Product Context
PayFlow is a consumer payments app used for P2P transfers, bill pay, and merchant checkout. The growth team wants an ML system that decides which growth action to show a user at payment time or shortly after: cashback offer, referral prompt, autopay setup, card-on-file incentive, installment offer, or no intervention.
Scale
| Signal | Value |
|---|
| DAU | 28M |
| Monthly active payers | 65M |
| Peak payment-related QPS | 180K |
| Growth-decision QPS | 45K online, plus 120M batch decisions/day |
| Eligible actions | ~40 campaigns/policies active at once |
| User feature count | ~1,200 raw features, ~180 serving features |
| p99 latency budget | 120ms end-to-end, 40ms for modeling stack |
Task
Design an end-to-end ML system for this growth model, with special focus on online versus batch serving.
- Define the prediction target(s), decision surface, and success metrics for a payments growth model.
- Propose an architecture for batch scoring versus real-time scoring, including which use cases belong in each path.
- Design the feature, training, and serving system so that payment-context features are fresh while avoiding training-serving skew.
- Choose models for candidate selection, ranking, and final policy/re-ranking, and explain tradeoffs under the latency budget.

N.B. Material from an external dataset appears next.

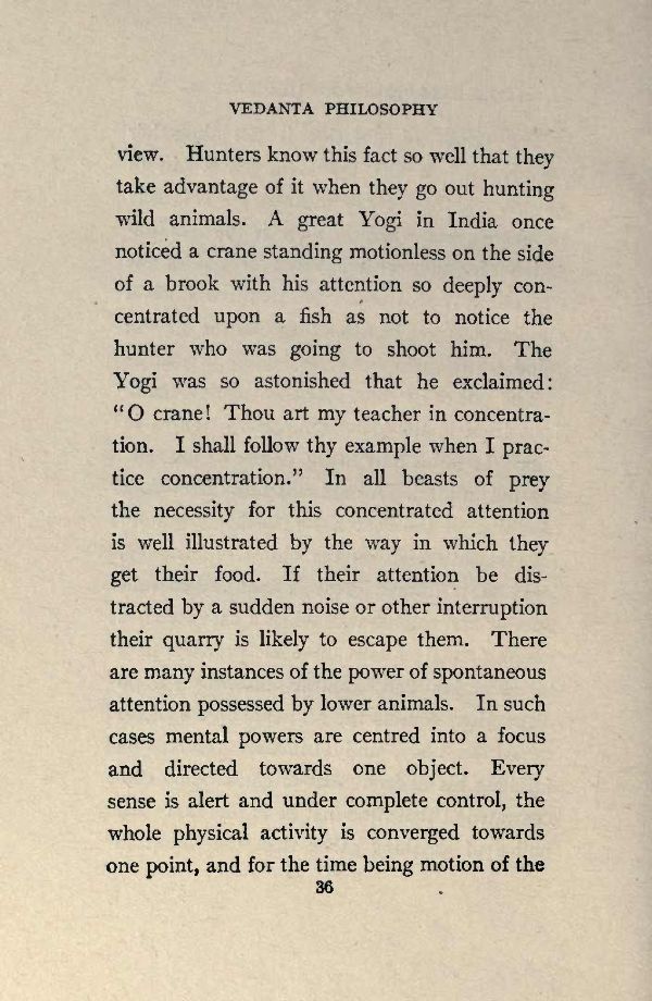 view. Hunters know this fact so well that they take advantage of it when they go out hunting wild animals. A great Yogi in India once noticed a crane standing motionless on the side of a brook with his attention so deeply concentrated upon a fish as not to notice the hunter who was going to shoot him. The Yogi was so astonished that he exclaimed: "0 crane! Thou art my teacher in concentration. I shall follow thy example when I practice concentration." In all beasts of prey the necessity for this concentrated attention is well illustrated by the way in which they get their food. If their attention be distracted by a sudden noise or other interruption their quarry is likely to escape them. There are many instances of the power of spontaneous attention possessed by lower animals. In such cases mental powers are centred into a focus and directed towards one object. Every sense is alert and under complete control, the whole physical activity is converged towards one point, and for the time being motion of the

- Define offline evaluation, online experimentation, and monitoring for drift, calibration, and business guardrails.
- Identify likely failure modes in payments, including compliance, stale features, and over-targeting.
Constraints
- Payment authorization flow cannot be blocked; if the model is slow or unavailable, checkout must proceed.
- Some actions are compliance-gated by geography, KYC status, credit eligibility, and merchant category.
- Conversion labels are delayed: some outcomes arrive in-session, others after 7-30 days.
- The system must support both triggered decisions (during/after payment) and precomputed daily audiences for CRM channels.
- Cost target: average inference cost under $0.001 per online decision and under $25 per million batch scores.